Members felt well supported due to the wide range of resources provided by the charity, especially through the helplines and specialist nurse appointments, genetic testing, and extensive information.

An average of 93% of respondents feel that HUK membership is value for money, due to the large number of services provided (Fig 3).

Figure 3: % respondents answered yes or no, when asked “Do you believe that being a member of the charity provides value for money?”.

Approximately, 95% of respondents would recommend HUK membership to a friend or family (Fig 4).

Figure 4: % respondents answered yes or no, when asked “Would you recommend becoming a member to friends or family, if they were affected by GH?”.
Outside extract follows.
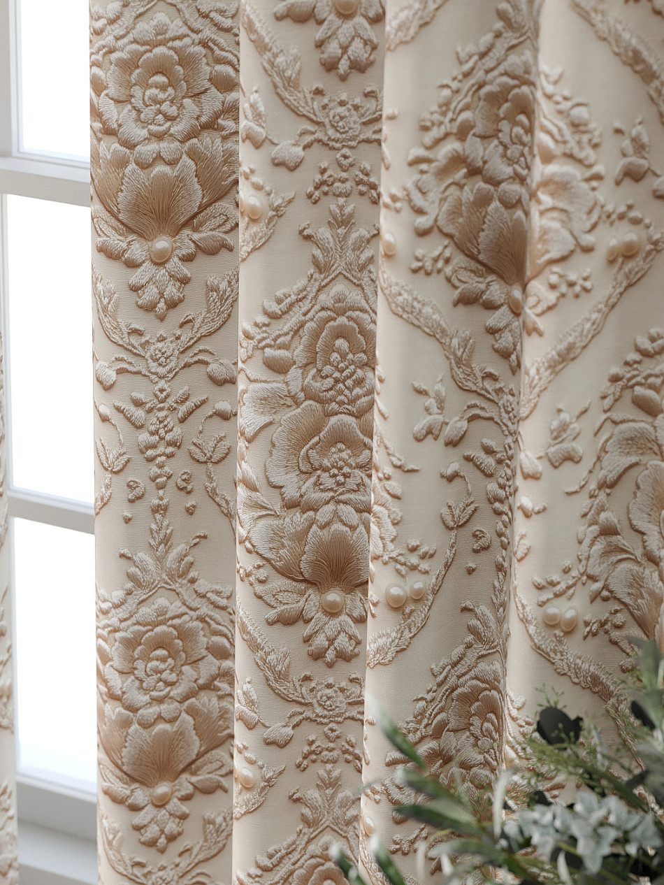 По верхнему краю портьер пришита шторная тесьма 6 см, с ее помощью затянув узелки от кордовых нитей с обеих сторон и стянув их до нужного размера можно сформировать округлые складки, далее вставить крючки в кармашки и повесить на карниз. Обязательно проверьте кордовые нити – они должны быть надежно завязаны, в противном случае во время стягивания они могут вылететь. Шторная тесьма имеет два ряда кармашков, с их помощью можно регулировать не только длину, но и ширину. Такое крепление подходит для всех типов карнизов.

Comments from members about the charity:

• “HUK are constantly trying to change the lives of people either diagnosed or undiagnosed with Haemochromatosis genes for the better”
• “There is little help for this condition from the NHS, but your group has provided me with information, a helpline and someone who listens”
• “I think you are providing an invaluable service to a patient group that is poorly served by the NHS and the membership fee seems very reasonable”
• “The struggle to get diagnosed properly, by the GP was a nightmare. Your helpline was a lifeline that not only helped but encouraged persistence. We would probably have given up if it were not for Haemochromatosis UK.”